What Dan Pallotta seems to fail to grasp is that some people do what they do out of a sheer love they have for that particular calling. They know they could make more by doing something else. Many struggle with that calculus on a regular basis.5 But most, and we owe them a debt of profound gratitude, continue day after day with the work at hand…creating beauty, growing our food, instructing our young, caring for the sick, protecting our environment, defending the indigent. Yes, they deserve a wage that recognizes their talents (at both the top and the bottom of the organizational pyramid); but that wage should never be considered or granted outside of the larger context of the work the tax exempt, nonprofit organizations exist to do; and the communities they exist to serve.

As we have stated before, if people want to make a million dollars or more, there are plenty of places where they can do so.

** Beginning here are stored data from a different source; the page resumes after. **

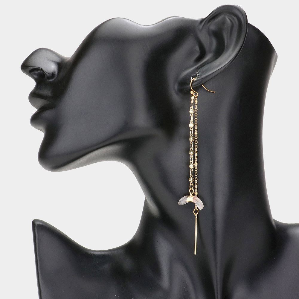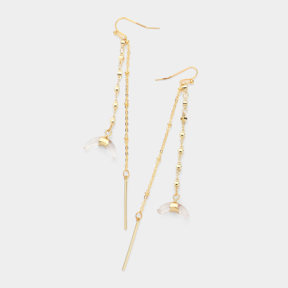 Gold Dipped Brass Metal Natural Stone Quatrefoil Station Necklace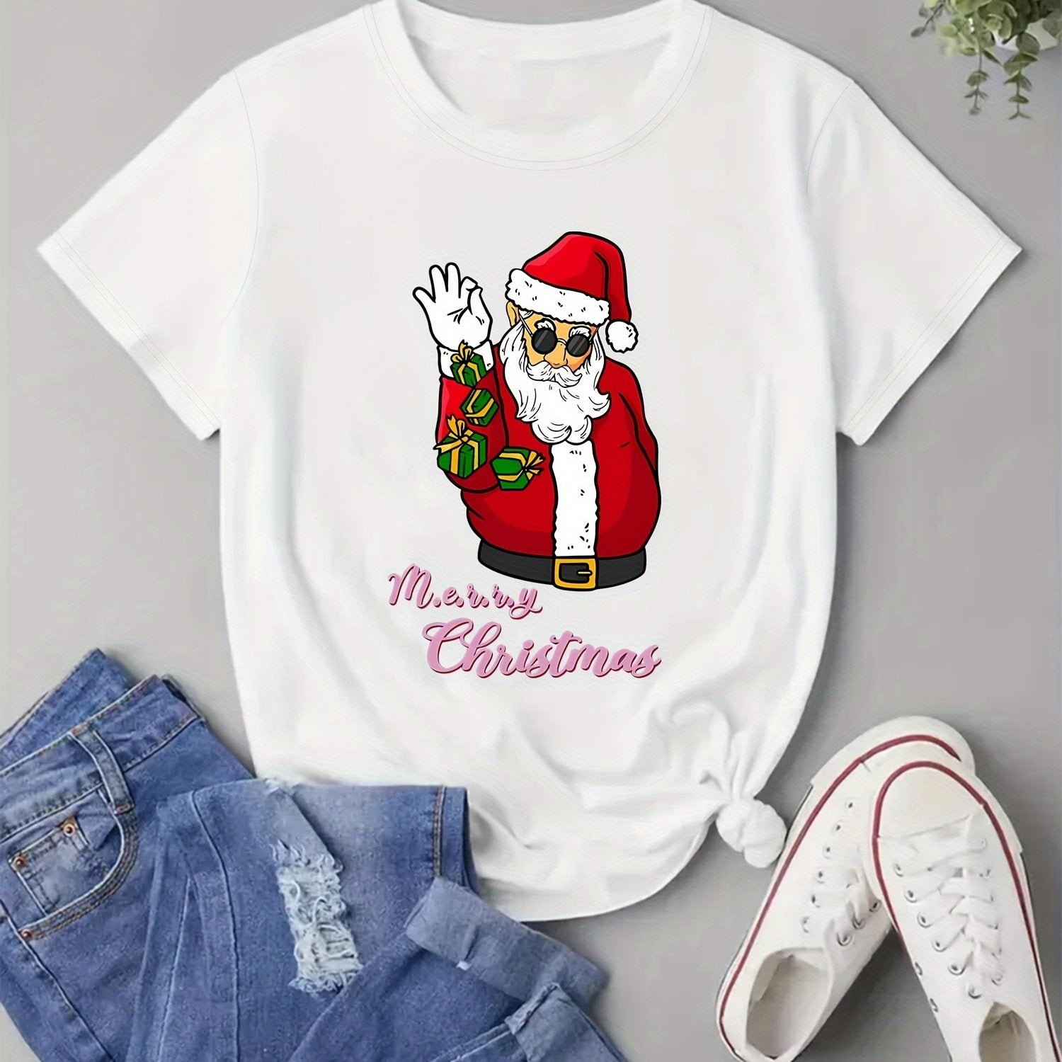 Festive Santa Claus Print T-shirt: Embrace the Christmas Spirit in Style!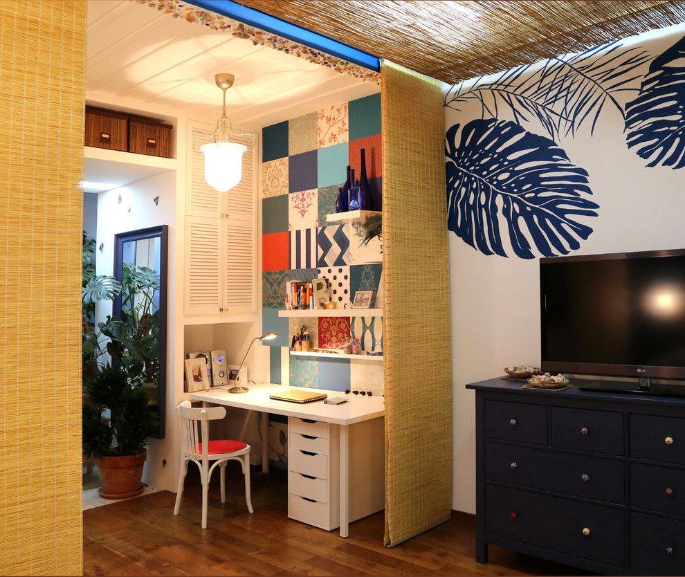 - рабочее место – обычно располагается ближе к окну и может отделяться нитяными шторами, сплошной занавесью без волн, иногда римскими жалюзи;

We believe the nonprofit sector should not be that place.


1Ken Berger is the President and CEO of Charity Navigator. Dr. Penna is an independent outcomes consultant and advisor to Charity Navigator. He is the author of Outcome Frameworks and the forthcoming Nonprofit Outcomes Toolbox, to be published by Wiley & Sons in March of 2011.

2 (especially see those entries on the topics – Charity Rating Issues and CN 2.0)

3Goldstein, J. et al. “Wealth of Friends” New York Post. September 12, 2010.

4Goldstein J. and Seifman, D. “Vito Lopez-backed charity led by the clueless.” New York Post. September 15, 2010.

5 Grondhal, Paul. “Feast or famine for dairy farmers.” Albany Times Union. September 26, 2010.


Madeline Puckette said...

Thanks for your detailed thoughts on this. I really believe you make a strong case in how a non-profit has a to use it's fiscal resource wisely, even if their is a surplus.

I have a question for you: In the case of a surplus (lets say that an organization receives a wealth of donations from the public), what are some solutions to the interesting problem of having excess money? Can a charity in turn select another organization to spread the wealth? This might be a stupid question, but what I am really wondering what kinds of problems charities run into when they are encountered with extra revenue. How can they grow, can they grow accordingly?

Ken Berger said...


Your question is far from stupid, it is an excellent one. This is a real problem for those lucky few nonprofits that get a surplus of donations of a significant amount, such as in the Haiti disaster. It is especially true when smaller organizations are flooded with donations that far outstrip their capacity to use them in a timely manner.

I believe that what usually happens is that the organization grows dramatically and suffers from a terribly difficult learning curve where many, many mistakes are made along the way. In other words, a lot of money can be wasted on the trial and error of growing too fast. Alternatively, some will squirrel the money away and build more slowly and thoughtfully. They then run the risk of donor wrath at not using the money as was expected.

Rarely if ever, do I see nonprofits spread the wealth. That is the sad state of things where most function in silos and organizational priorities trump mission. In their defense though, most smaller nonprofits are usually so resource starved that the influx of cash is vitally held on to to afford better capacity to fulfill the mission.

One other point of clarification, there is a certain amount of money that every charity should be squirreling away. We call it working capital reserves and recommend that most have enough money in reserve to operate for a full year, should their normal funding dry up. That is just sound financial practice and not trumping self preservation over mission in our opinion.

I think you get the idea. I hope this answers your question too!